The Polack Archive

About Maria Polack

Maria Polack, author of Fiction Without Romance: or The Locket-Watch (1830) was a life-long resident of London’s East End. The Anglo-Jewish historian, Cecil Roth, claims that Polack is the first Anglo-Jewish novelist. Polack was also a teacher who worked with students from The Jews’ Free School. Although little is known of Polack’s life, evidence of her work and religious affiliations can be found in East End institutional holdings for the Great Synagogue, The Jews’ Free School, and Brady Street Cemetery. Fiction Without Romance’s subscription list indicates that Polack was well connected to readers in London and throughout the Atlantic world.

Polack’s novel appeared at a moment when her East End Jewish community sought ways of educating Jewish youth to become English without losing their identity as Jews.
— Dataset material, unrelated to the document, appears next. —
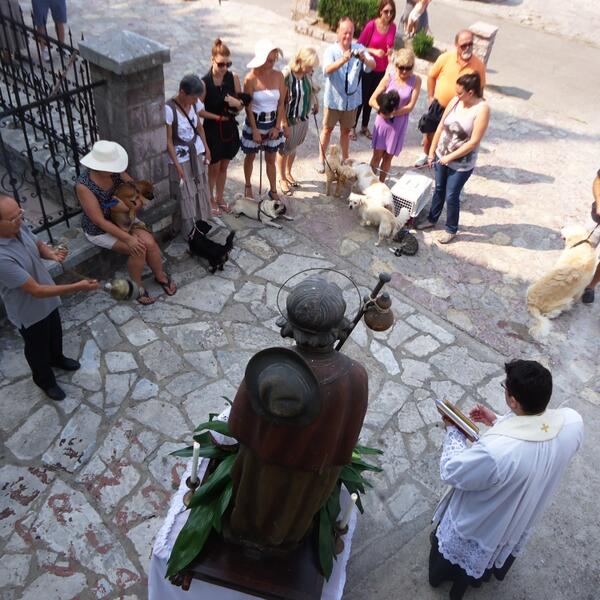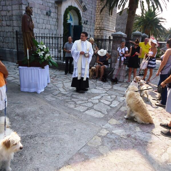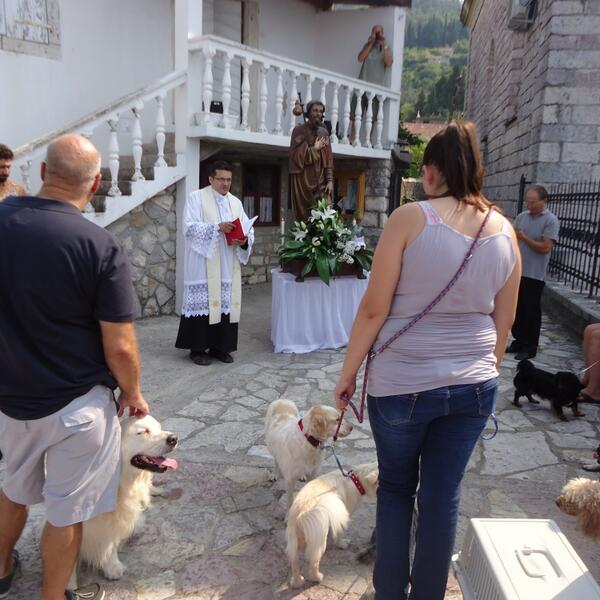 Naslovna Vijesti Blagoslov kućnih ljubimaca u Tivtu Vlasnici kućnih ljubimaca i turisti okupili su se juče pred župnom crkvom Svetog Roka u Donjoj Lastvi kod Tivta, učestvujući u neuobičajenom vjerskom obredu – blagoslovu kućnih ljubimaca koji je obavio lastovski župnik don Dejan Turza. 90 pregleda 8 komentar(a) Siniša Luković 16.08.2013. 10:55h Ažurirano: 16.08.2013. 10:55h Galerija 1 / 6 Foto: Siniša Luković Bonus video: Vijesti kućni ljubimcipsiTivat
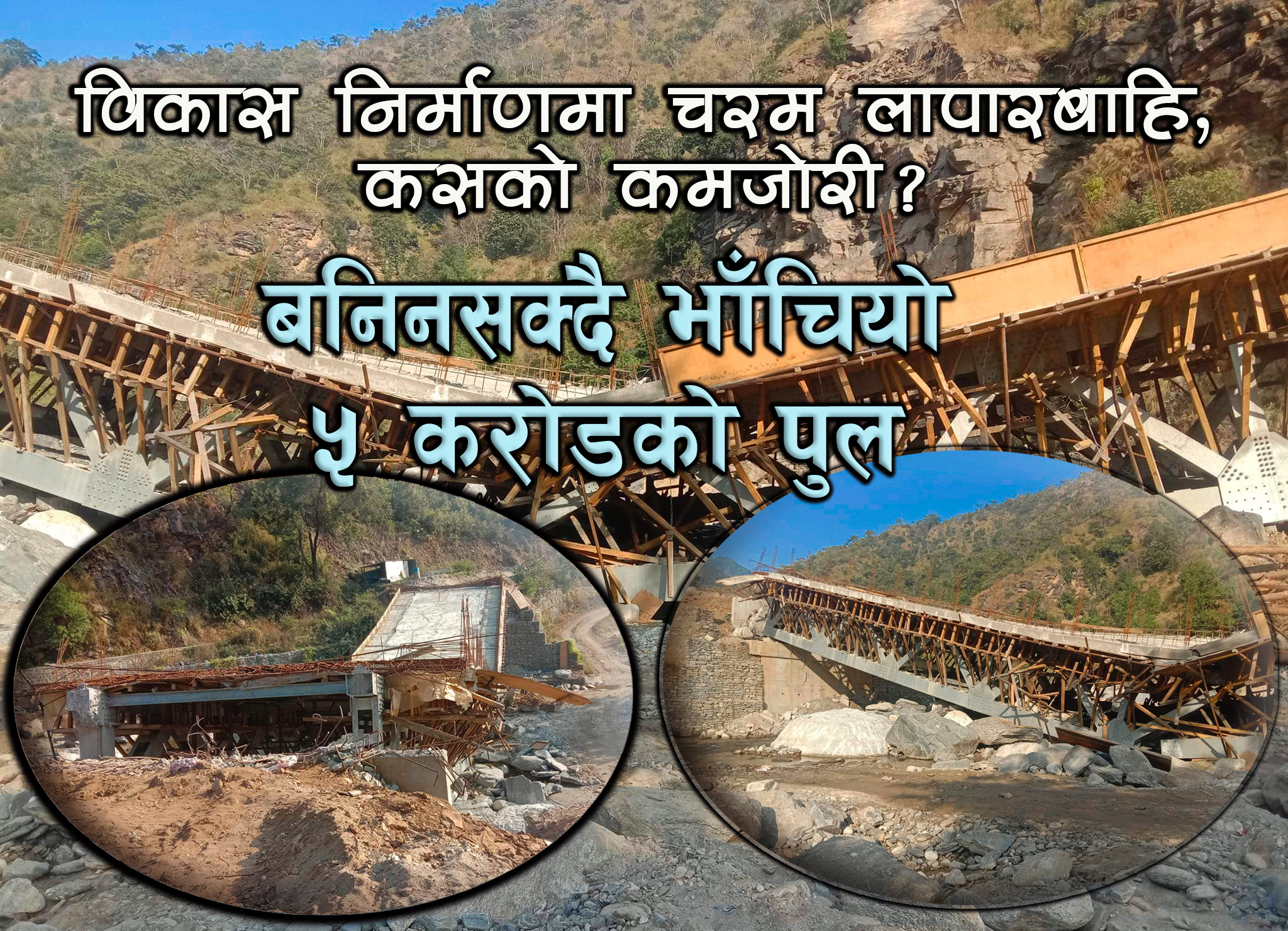“४५ मिटर लम्बाई र ६ मिटर चौडाई रहने उक्त पुल निर्माणका क्रममा विचैमा भाँचिएको थियो । डिजाइन अवधि ८० वर्ष र भूकम्प प्रतिरोधी रहने भनिएको उक्त पुल भाँचिएको ८ महिना वित्दापनि वेवास्ता गरिएको छ”

This period also witnessed a rise of Christian conversion efforts, and Fiction Without Romance makes powerful arguments against Jewish assimilation and in favor of religious pluralism. Polack ties educational concerns in her novel to 1790s debates about female education and courtship rituals. Polack’s title, Fiction Without Romance, combined with numerous discussions in the text, also link the novel to contemporary debates about realism and romance. Discussions among characters directly recall women artists including Maria Edgeworth, Elizabeth Hamilton, Felicia Hemans, Bathsua Pell Makin, Clara Reeve, Lucia Elizabeth Vestris, and Mary Wollstonecraft.

Evidence suggests that despite Maria Polack’s anti-conversion stance in Fiction Without Romance, she converted to Christianity. However, Polack was buried in a Jewish cemetery. Her daughter Elizabeth Polack later recalled how her mother taught her Jewish music.